- TASK OBJECTIVE: Beginning with the line containing "twill cotton |" and ending with the line containing "Шнур для запуска", write out each line of the records below exactly; pictures and lines outside that range are left out.
SUPPLIED INFORMATION START
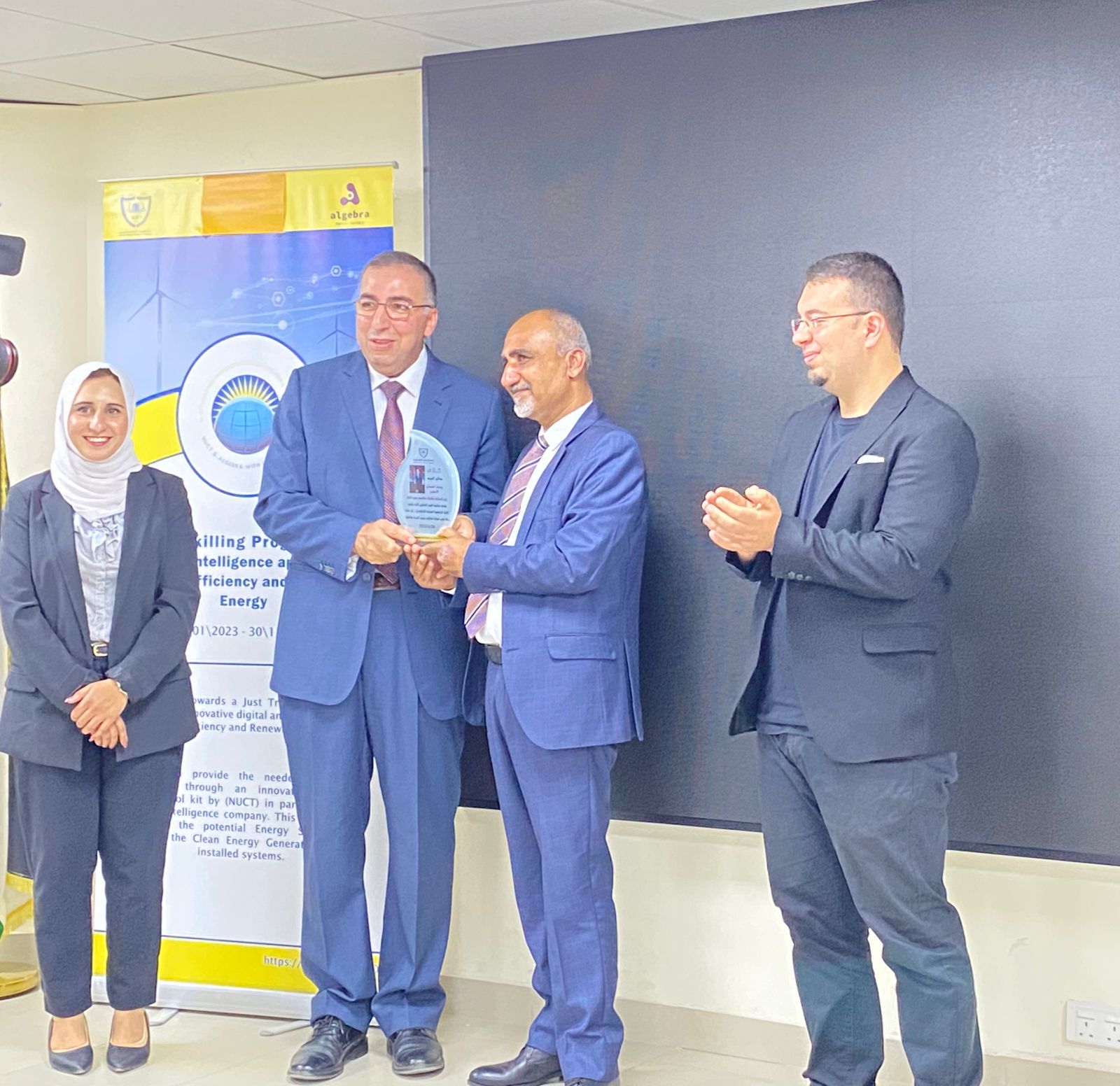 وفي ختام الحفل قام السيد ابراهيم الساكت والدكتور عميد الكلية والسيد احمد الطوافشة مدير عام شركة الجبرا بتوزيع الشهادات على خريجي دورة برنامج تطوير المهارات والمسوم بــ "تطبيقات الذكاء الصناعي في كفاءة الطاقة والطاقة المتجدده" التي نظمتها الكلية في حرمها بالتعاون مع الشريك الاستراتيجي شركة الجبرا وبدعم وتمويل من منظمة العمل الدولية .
SUPPLIED INFORMATION END
SUPPLIED INFORMATION START
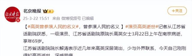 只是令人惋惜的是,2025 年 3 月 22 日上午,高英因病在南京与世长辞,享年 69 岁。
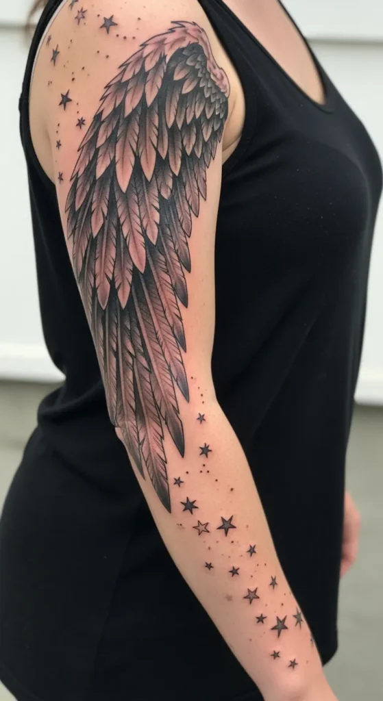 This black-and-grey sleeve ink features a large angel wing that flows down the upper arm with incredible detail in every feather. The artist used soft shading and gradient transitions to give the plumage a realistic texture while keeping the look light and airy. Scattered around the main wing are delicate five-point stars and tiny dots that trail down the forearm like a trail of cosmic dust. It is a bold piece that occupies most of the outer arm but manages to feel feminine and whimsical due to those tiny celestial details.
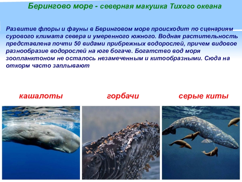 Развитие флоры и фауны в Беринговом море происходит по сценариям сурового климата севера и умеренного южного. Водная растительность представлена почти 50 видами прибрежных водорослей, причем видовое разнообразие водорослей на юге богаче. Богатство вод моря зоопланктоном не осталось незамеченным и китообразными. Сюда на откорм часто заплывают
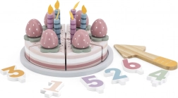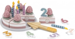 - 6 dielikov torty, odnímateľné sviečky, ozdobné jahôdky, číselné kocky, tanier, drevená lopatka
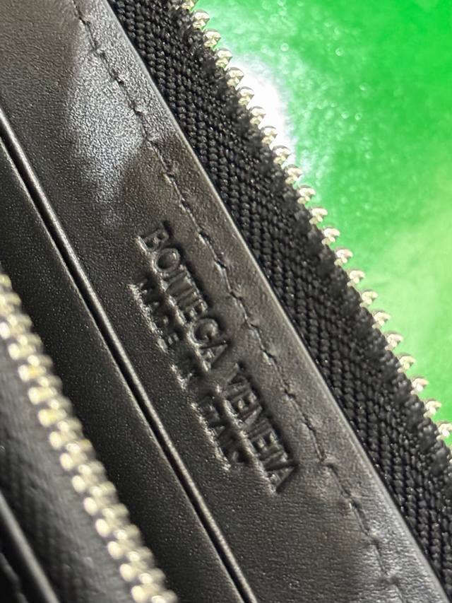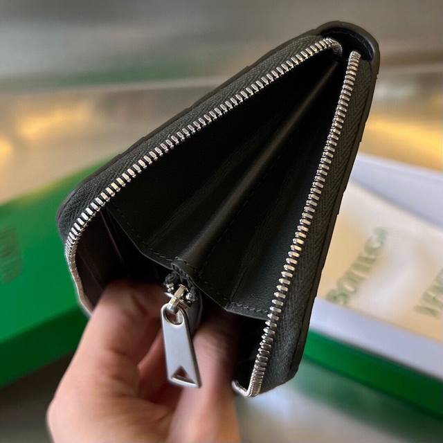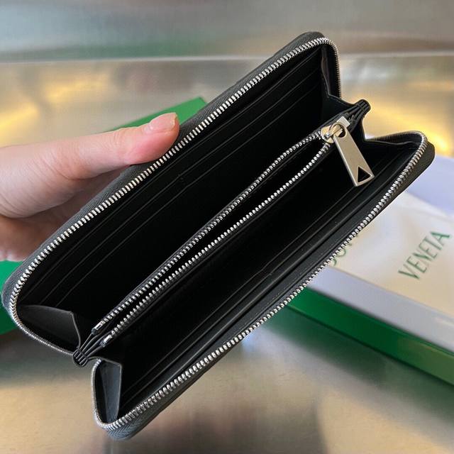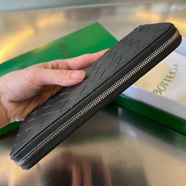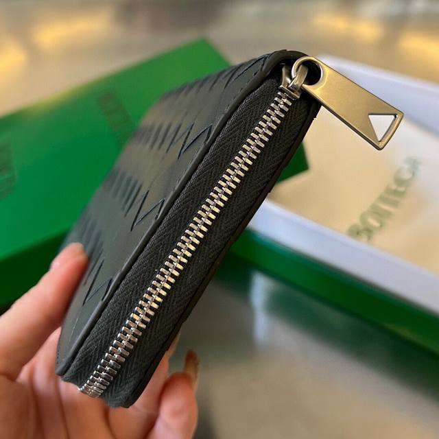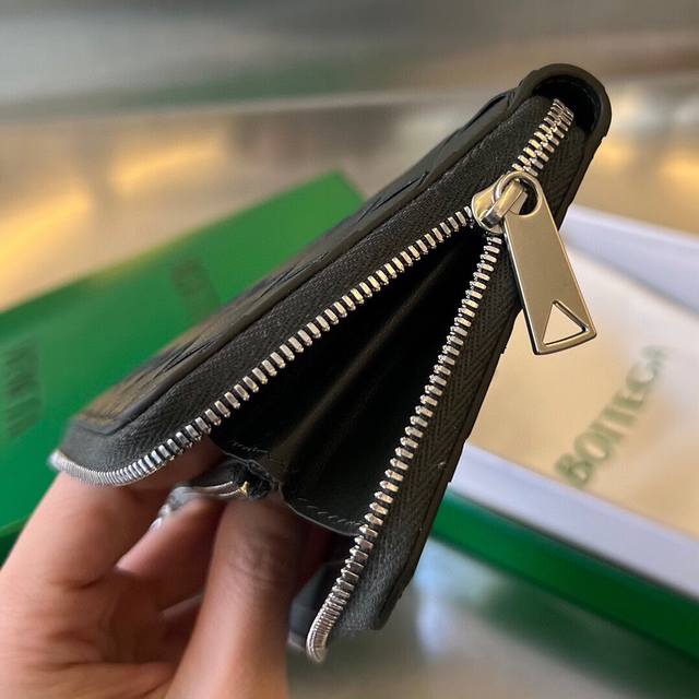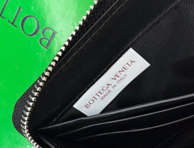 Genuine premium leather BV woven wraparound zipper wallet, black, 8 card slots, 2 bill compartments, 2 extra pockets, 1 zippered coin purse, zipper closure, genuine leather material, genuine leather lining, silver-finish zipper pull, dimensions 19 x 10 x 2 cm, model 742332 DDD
SUPPLIED INFORMATION END
SUPPLIED INFORMATION START
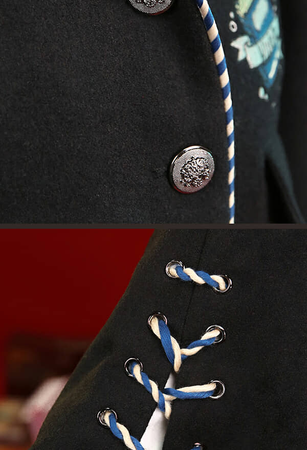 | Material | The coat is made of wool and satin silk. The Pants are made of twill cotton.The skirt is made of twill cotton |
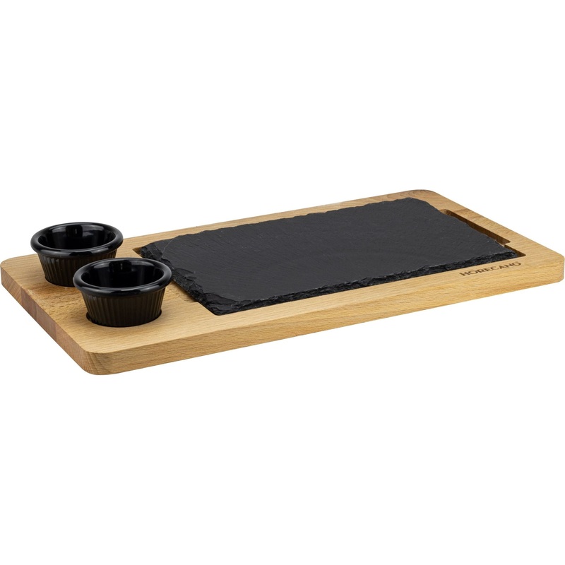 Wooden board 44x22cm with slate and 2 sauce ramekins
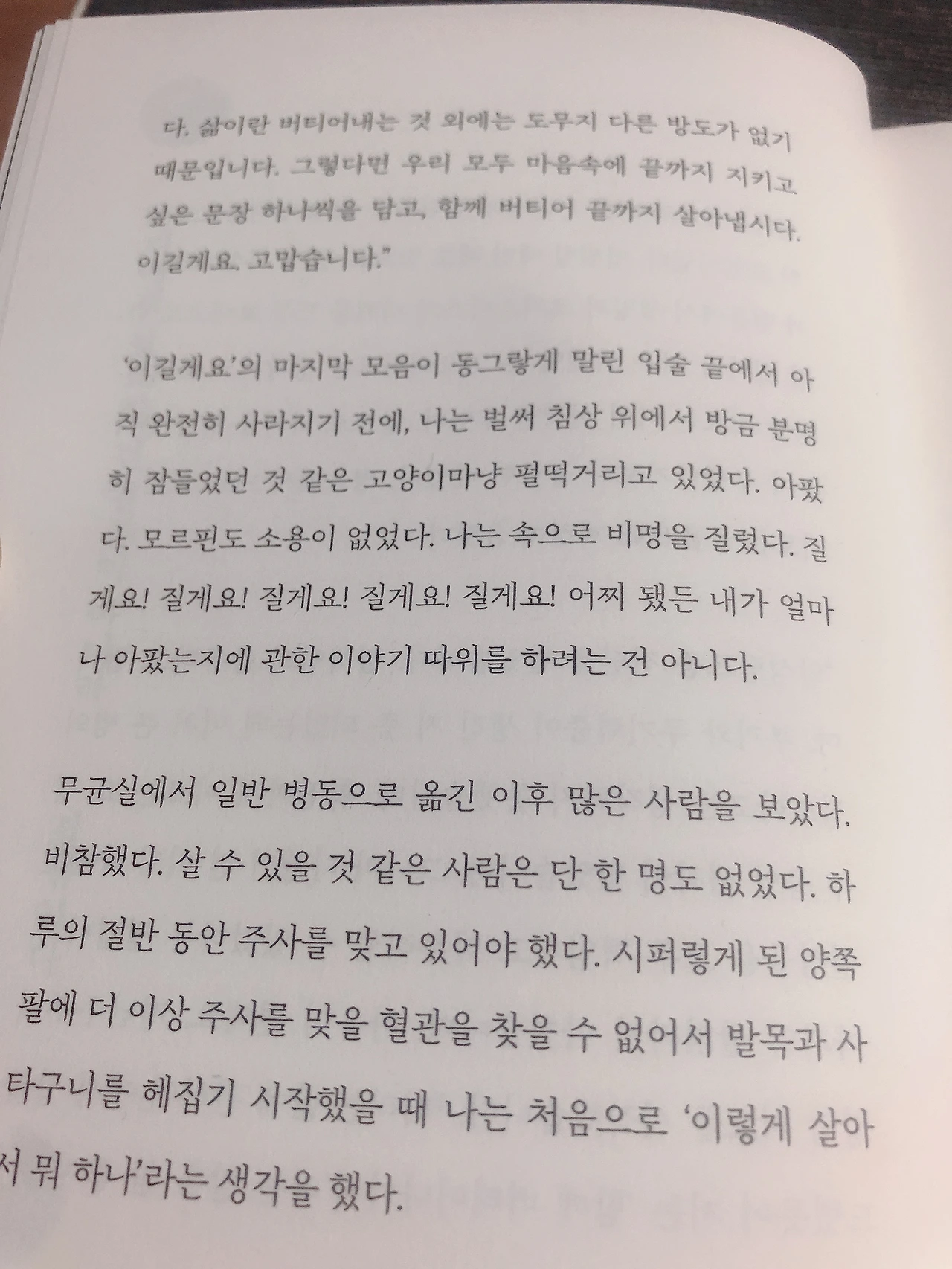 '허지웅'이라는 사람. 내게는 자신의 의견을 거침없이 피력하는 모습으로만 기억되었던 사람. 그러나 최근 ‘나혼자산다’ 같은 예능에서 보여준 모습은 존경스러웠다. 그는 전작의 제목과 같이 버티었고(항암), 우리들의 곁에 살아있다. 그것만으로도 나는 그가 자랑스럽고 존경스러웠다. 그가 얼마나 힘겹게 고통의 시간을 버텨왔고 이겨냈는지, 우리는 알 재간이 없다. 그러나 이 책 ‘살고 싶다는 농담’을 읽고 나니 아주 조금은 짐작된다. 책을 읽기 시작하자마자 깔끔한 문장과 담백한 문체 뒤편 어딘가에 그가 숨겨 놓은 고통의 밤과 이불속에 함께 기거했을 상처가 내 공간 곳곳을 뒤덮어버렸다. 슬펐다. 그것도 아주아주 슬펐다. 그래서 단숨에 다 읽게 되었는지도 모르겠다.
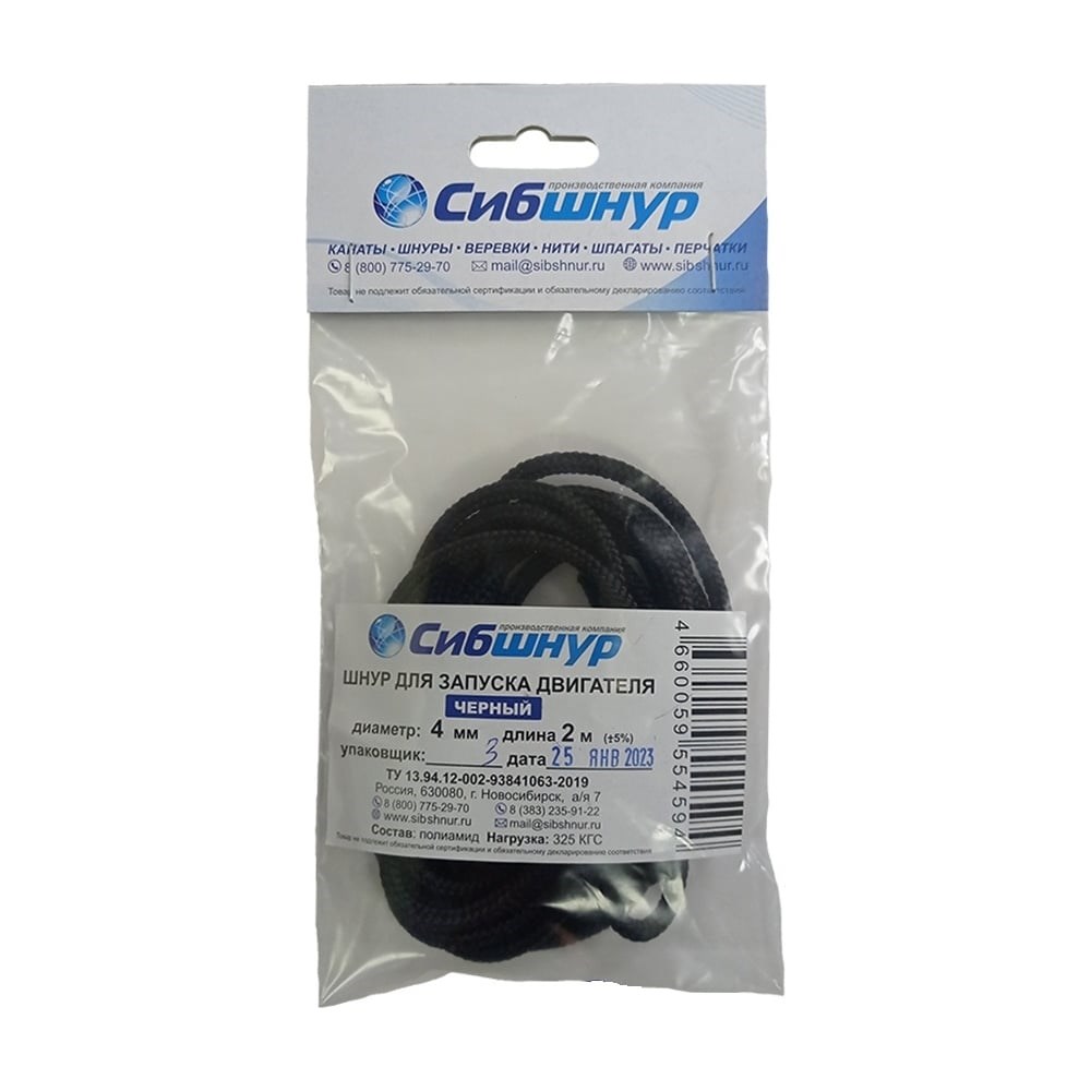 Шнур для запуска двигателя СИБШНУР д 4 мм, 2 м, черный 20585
SUPPLIED INFORMATION END
- WRITTEN RESPONSE:
 | Material | The coat is made of wool and satin silk. The Pants are made of twill cotton.The skirt is made of twill cotton |
 Wooden board 44x22cm with slate and 2 sauce ramekins
 '허지웅'이라는 사람. 내게는 자신의 의견을 거침없이 피력하는 모습으로만 기억되었던 사람. 그러나 최근 ‘나혼자산다’ 같은 예능에서 보여준 모습은 존경스러웠다. 그는 전작의 제목과 같이 버티었고(항암), 우리들의 곁에 살아있다. 그것만으로도 나는 그가 자랑스럽고 존경스러웠다. 그가 얼마나 힘겹게 고통의 시간을 버텨왔고 이겨냈는지, 우리는 알 재간이 없다. 그러나 이 책 ‘살고 싶다는 농담’을 읽고 나니 아주 조금은 짐작된다. 책을 읽기 시작하자마자 깔끔한 문장과 담백한 문체 뒤편 어딘가에 그가 숨겨 놓은 고통의 밤과 이불속에 함께 기거했을 상처가 내 공간 곳곳을 뒤덮어버렸다. 슬펐다. 그것도 아주아주 슬펐다. 그래서 단숨에 다 읽게 되었는지도 모르겠다.
 Шнур для запуска двигателя СИБШНУР д 4 мм, 2 м, черный 20585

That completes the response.